Benchmarking different methods on mapping simulated reads against the genome. We use PBSIM to simulate PacBio reads from the E. coli reference genome. Indel and substitution errors are introduced, and the error rate on reads is the sum of these errors. In this experiment, we simulated the reads with an average length of 700 bps and average read errors from 0.25 to 0.45. Sensitivity versus error rate for DSB-SA, Minimap2, Winnowmap, DALIGNER, BlasR, MMSeqs2, and GraphMap are shown. Details of the PBSIM simulation are provided in the Supplementary Note 4.

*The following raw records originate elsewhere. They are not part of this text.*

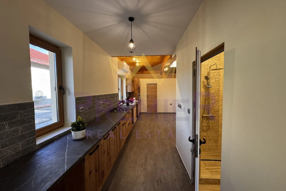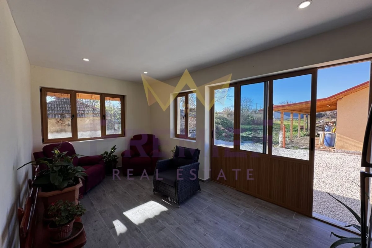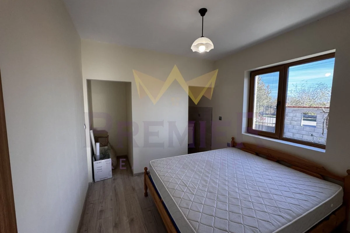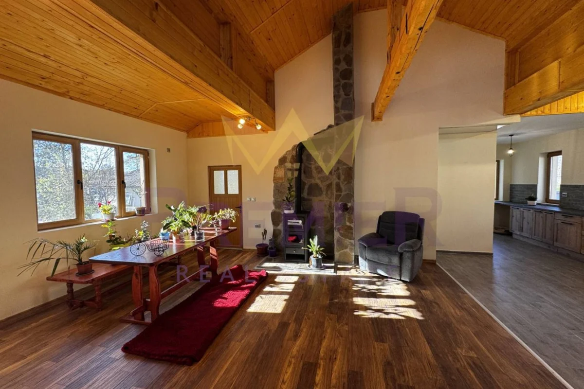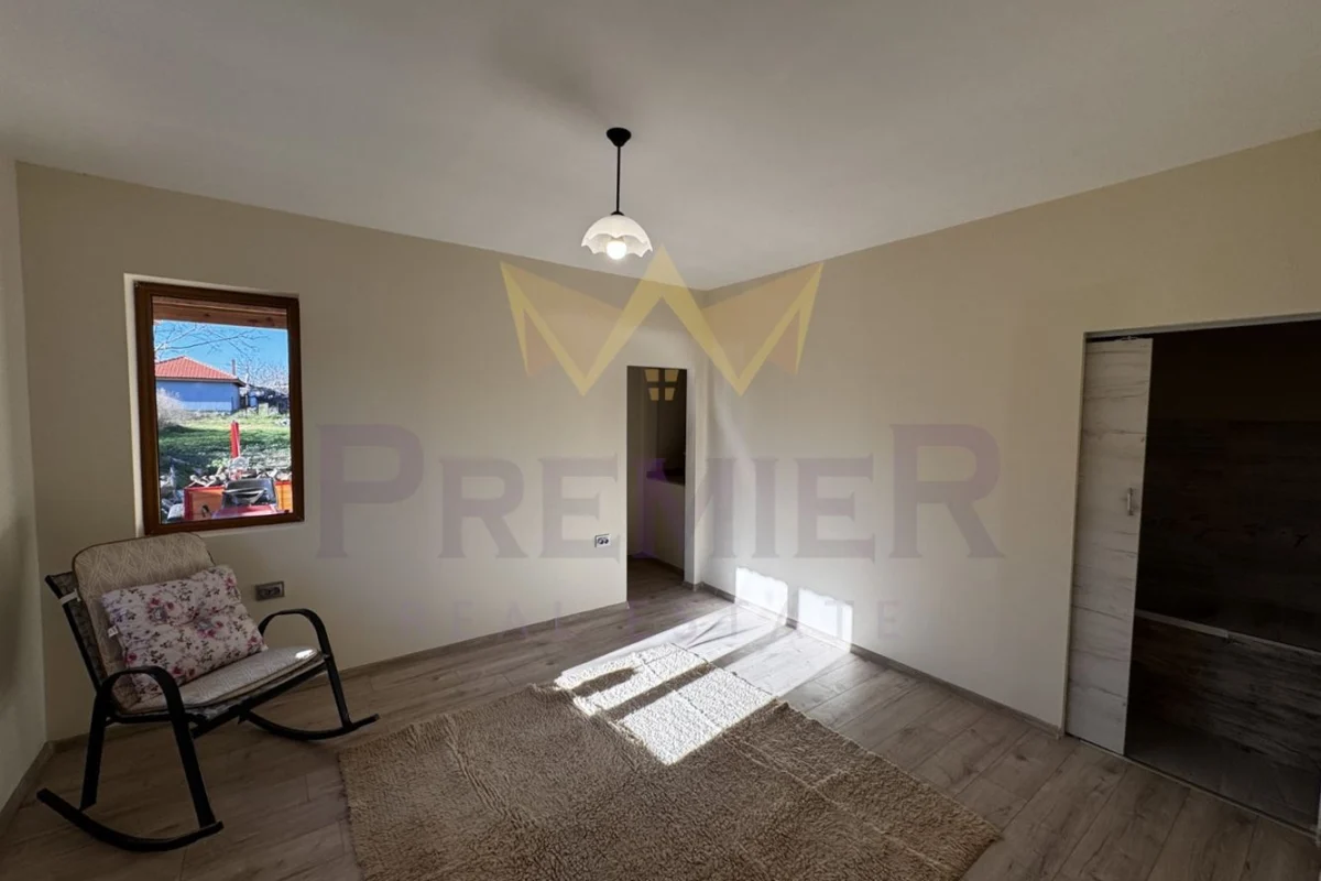 Имоти Премиер представя на Вашето внимание новопостроена просторна къща, с двор 2,4дка. С общо 160 кв.м., домът предлага достатъчно пространство за вас и вашето семейство. Разпределението е както следва: антре, голям дневен тракт с кухня, високи 9 метра тавани в хола, килер, баня с тоалет, главна спалня с баня и тоалет, спалня, спалня с тоалет и гардеробна, остъклена тераса. 60 кв.м. гараж с навес, като в гаража има климатик, бар, хладилник. В двора има стопански постройки и къщичка за реновиране. Имотът е ограден с масивна ограда.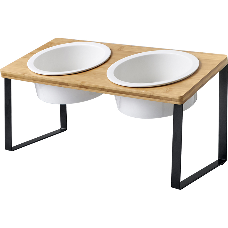 Comedero elevado con base de madera. Altura ajustable y tazas en porcelana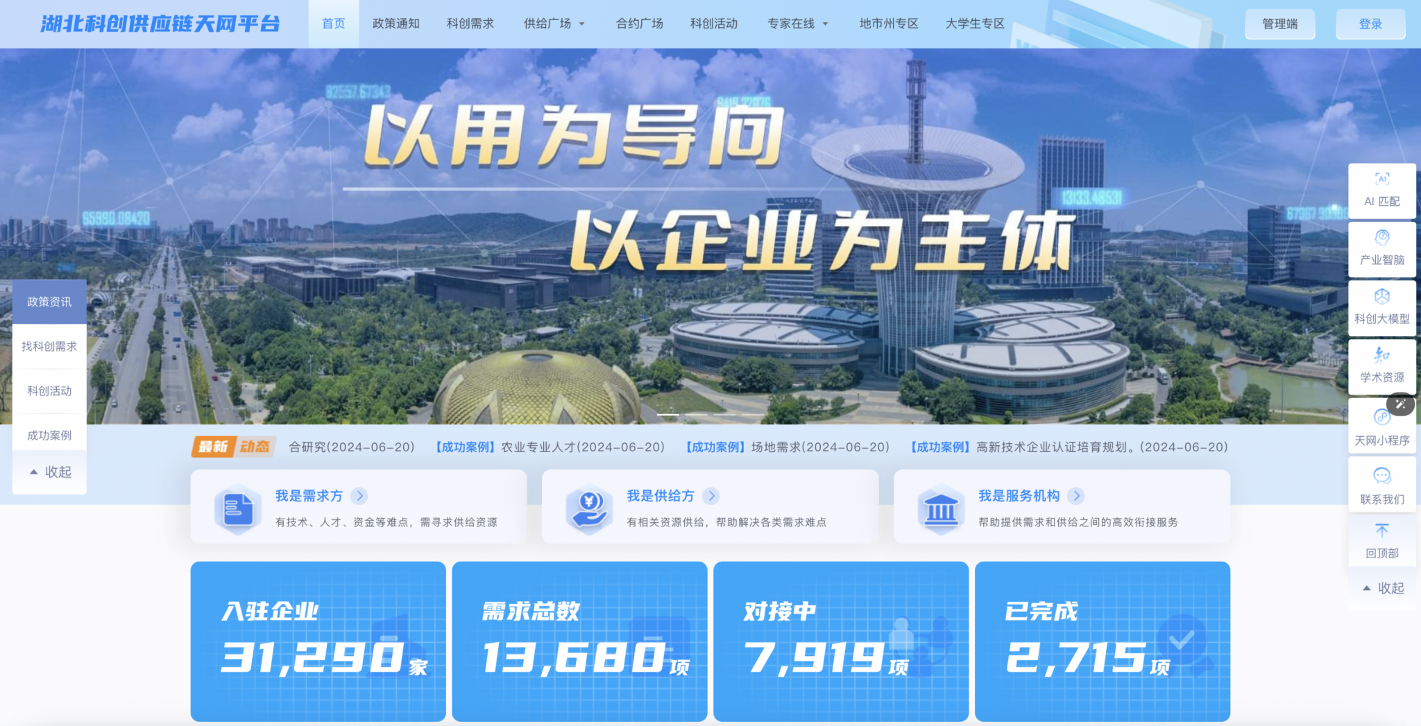 据介绍,湖北科创供应链“天网”平台为入驻企业提供了丰富的资源和服务,满足企业技术、人才、金融、场景四类需求。通过平台,企业可以更加便捷地获取所需资源,加速科技创新和成果转化。湖北科创供应链平台坚持“1+5+15需求响应机制”:1天对接、5天详细沟通、15天给出解决方案。快速响应,高效对接,大幅缩短了找技术找资源的时间。(陈卫东 通讯员 施馥甜 王曦)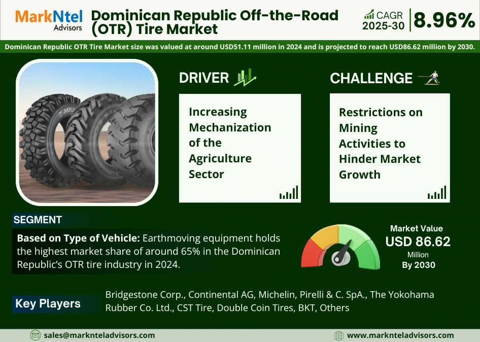 According to MarkNtel Advisors study The future of Dominican Republic Off-the-Road (OTR) Tire Market size was valued at around USD51.11 million in 2024 and is projected to reach USD86.62 million by 2030. Along with this, the market is estimated to grow at a CAGR of around 8.96% during the forecast period, i.e., 2025-30.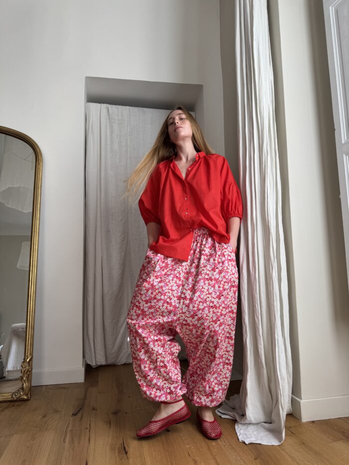 Chemisier « ÉLISE » en coton rouge coquelicot. Joli col, manches 3/4 ballons et bouffantes. Jolies fronces au dos, aux épaules et aux manches. Chemisier boutonné à la coupe minimaliste et élégante. PIÈCE UNIQUE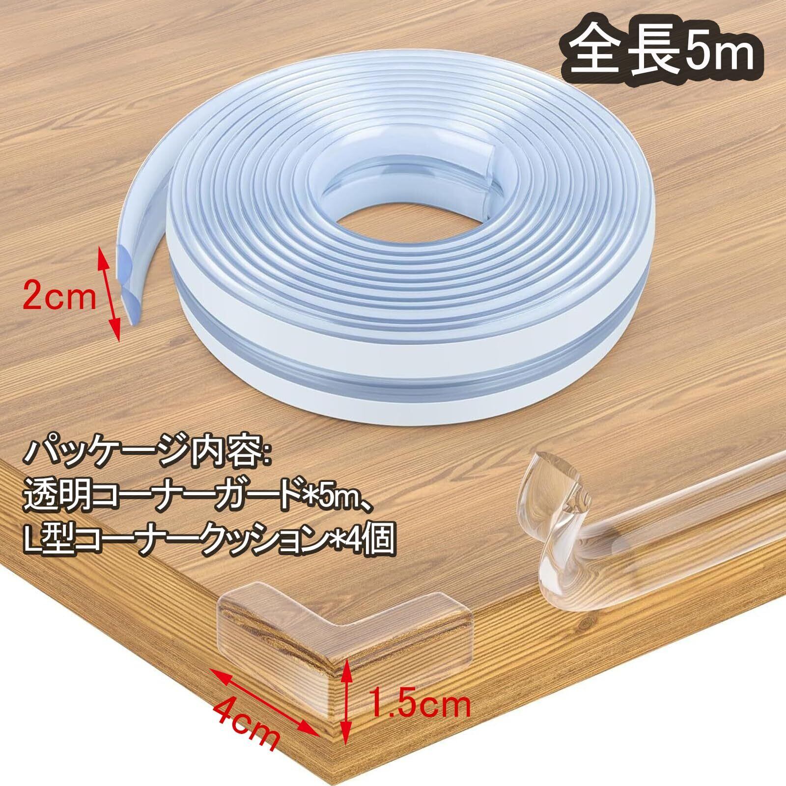 Celugud コーナーガード 透明 全長5m+4個L型 エッジ 保護クッション 両面テープ シール固定 PVC素材 クリア 強力テープ 操作簡単 着脱可能 赤ちゃん ケガ防止 安全対策 地震対策 テーブル かど 保護 家具 机の角 保育園 (5m +4個L型)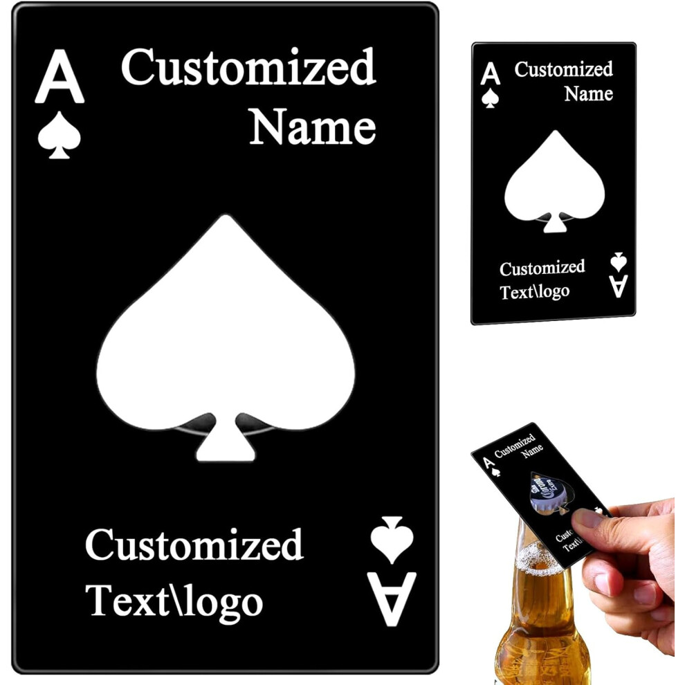 Customizable Name Poker Bottle Opener Stainless Steel Personalized Wallet Card Ace Design for Restaurants Kitchen Parties

We observe that DSB-SA maintains high sensitivity as the error rate increases. BlasR has a lower sensitivity compared to DSB-SA, and its performance decreases substantially for higher error rates. DALIGNER, Minimap2, Winnowmap and MMSeqs2 show similar low sensitivity across different error rates. The false positive rate for all methods is nearly zero (Fig. 4).

Figure 4
figure 4

Benchmarking the false positive rate of different methods on mapping simulated reads against the genome. We use PBSIM to simulate PacBio reads from the E. coli reference genome. Indel and substitution errors are introduced, and the error rate on reads is the sum of these errors. In this experiment, we simulated the reads with an average length of 700 bps and average read errors from 0.15 to 0.40. False positive rate of all methods is nearly zero.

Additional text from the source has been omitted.